Book Emergent Lingua Francas and World Orders

Download or read book Emergent Lingua Francas and World Orders written by Phyllis Ghim-Lian Chew and published by Routledge. This book was released on 2013-05-13 with total page 276 pages. Available in PDF, EPUB and Kindle. Book excerpt: This book presents an alternative paradigm in understanding and appreciating World Englishes (WEs) in the wake of globalization and its accompanying shifting priorities in many dimensions of modern life, including the emergence of the English language as the dominant lingua franca (ELF). Chew argues that history is a theatre for the realization of lingua francas, offering a model that shows the present as derived from the past and as a bearer of future possibility, the understanding of which is rooted in the understanding of World Englishes and ELF. The book will engage with some of the current theoretical debates in WEs and includes, as a means of fleshing out the model, sociolinguistic case studies of Arabia, China Fujian, and Singapore.

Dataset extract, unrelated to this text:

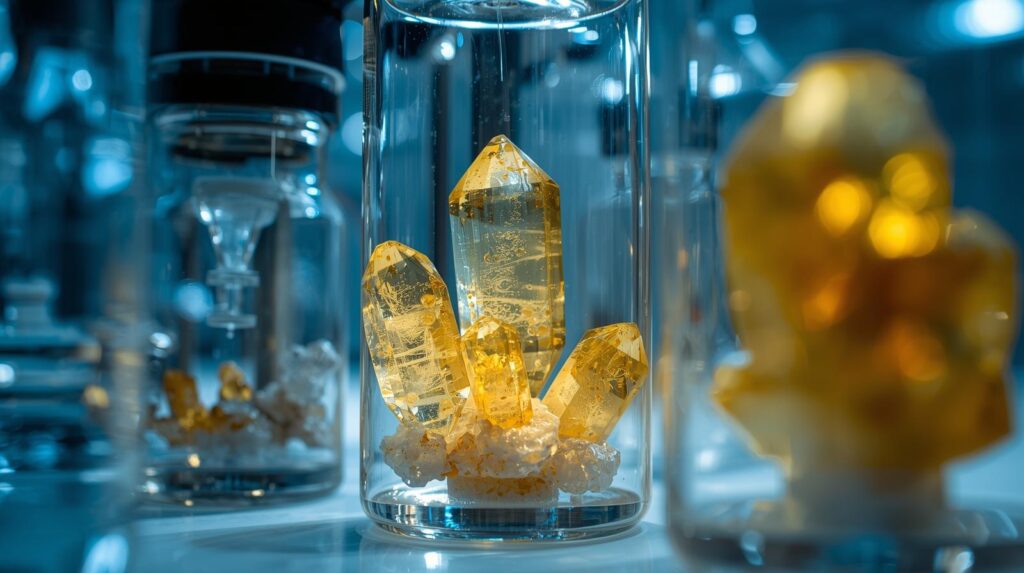 「水熱法」などの技術を用いて作られ、天然のシトリンとほぼ同じ化学組成と結晶構造を持っています。

Book Emergent Information  A Unified Theory Of Information Framework

Download or read book Emergent Information A Unified Theory Of Information Framework written by Wolfgang Hofkirchner and published by World Scientific. This book was released on 2012-12-19 with total page 291 pages. Available in PDF, EPUB and Kindle. Book excerpt: At the dawn of the information age, a proper understanding of information and how it relates to matter and energy is of utmost importance for the survival of civilisation. Yet, attempts to reconcile information concepts underlying science and technology with those en vogue in social science, humanities, and arts are rather rare. This book offers a new approach, departing from fragmented information concepts.Many academics refrain from undergoing unifications, as most undertakings are reductionistic. This book contends that it is the noble task of an as-yet-to-be-developed science of information to go one step in the direction of a unified theory of information without falling back into neither reduction nor anthropomorphisation.To be able to succeed in an ambitious task like this, the book advocates the application of complex systems theory and its philosophical underpinnings. Information needs to be interpreted in terms of self-organisation to do justice to the richness of its manifestations. The way the book does so will provide the reader with a deep insight into a basic feature of our world.The following are discussed in the volume: A Science of Information; A New Way of Thinking; Praxio-Onto-Epistemology; Evolutionary Systems Design; Evolutionary Systems Ontology; Evolutionary Systems Methodology; Capurro's Information Concept Trilemma; A Multi-Stage Model of Evolutionary Types of Information: Pattern Formation, Code-Making, and Constituting Sense; A Triple-C Model of Systemic Functions of Information: Cognising, Communicating, and Co-Operating; Nine Categories of Information Capabilities: Reflectivity (physical), Psyche (biotic), Consciousness (human); Connectivity (physical), Signalability (biotic), Languageability (human); Cohesiveness (physical), Coherency (biotic), Communitarity (human); Nine Categories of Information: Response (physical), Flexible Response (biotic), Reflexion (human); Correspondences (physical), Signals (biotic), Symbolic Acts (human); Assemblage (physical), Assignment (biotic), Association (human); A Unified Theory of Information for, about, and by means of the Information Society.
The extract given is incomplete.